Of course, times like these breed conspiracies, and that may well not be the whole story: another version of events doing the rounds within Merrill is that the bank had put a shortlist together of people to be made Asian investment banking head post-merger and that Chunilal left of his own volition after becoming aware he would not get the job. There are others in Merrill who are relieved that Forbes is at least a Merrill man and not a Bank of America one. The rumour mill is a vibrant and bitter thing at the best of times but particularly when jobs are on the line.
More than anything, though, bankers talk with a sense of disbelief about their own personal circumstances. A year ago they seemed bullet-proof: providing their families with an opulence in their standard of living that they themselves could never have hoped for as children; invested in multiple assets and markets, all doing well; their futures provided for.

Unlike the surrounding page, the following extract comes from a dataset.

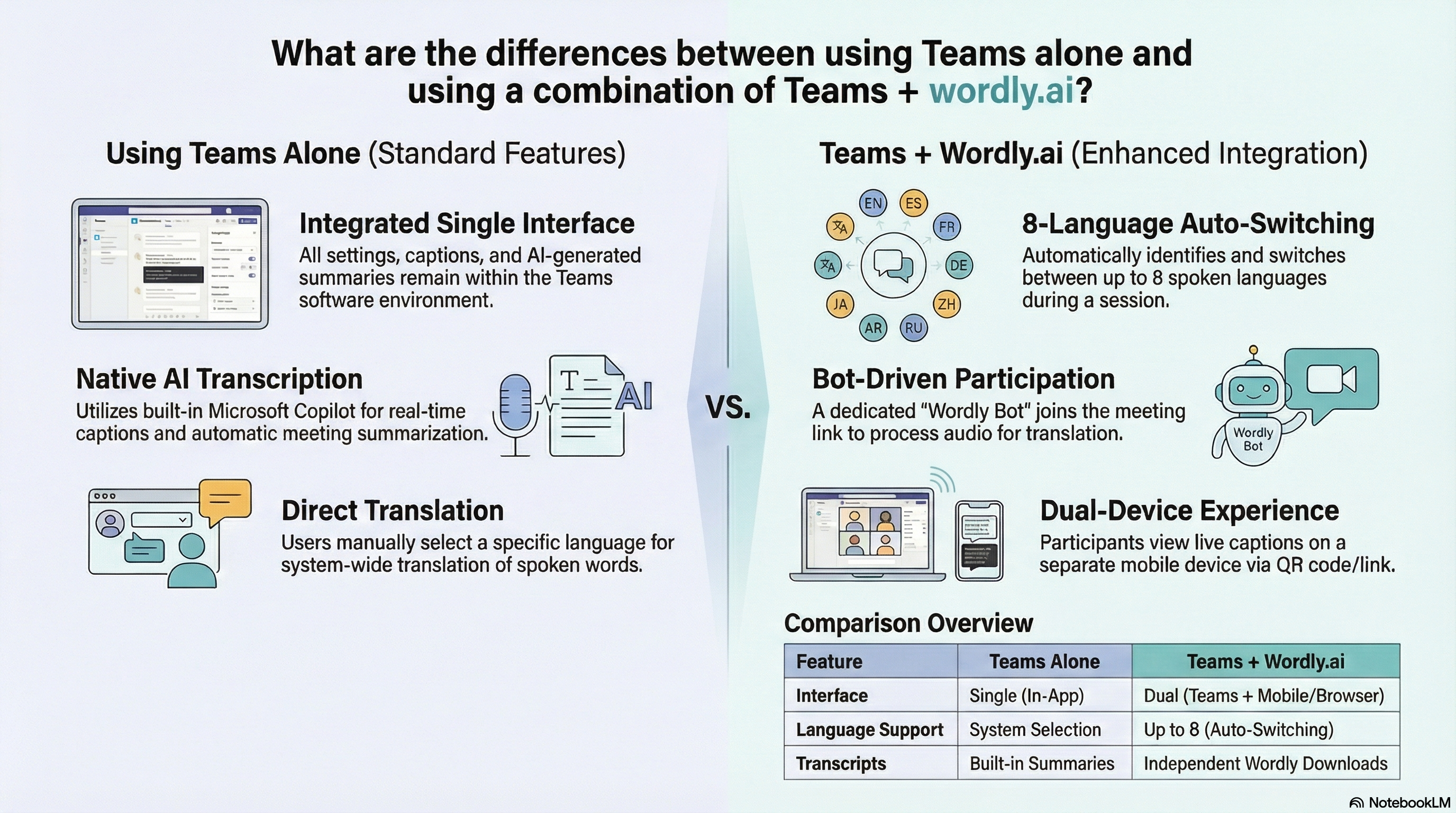 What are the differences between using Teams alone and using a combination of Teams + wordly.ai?

Now the stocks have halved, the properties have plunged and become hopelessly illiquid, the options are useless, the banks are calling for extra cash as loan to value ratios have shifted, and with every round of job cuts they’re having to think about things they’d never contemplated before: pulling the kids of out the expensive schools, relocating back home, looking for jobs when there aren’t any. The rest of the world enjoys a certain schadenfraude at the fall from grace of the banker, but from the inside, it’s no fun at all.
“People are stunned more than anything else,” says a headhunter. “And they are fearful.”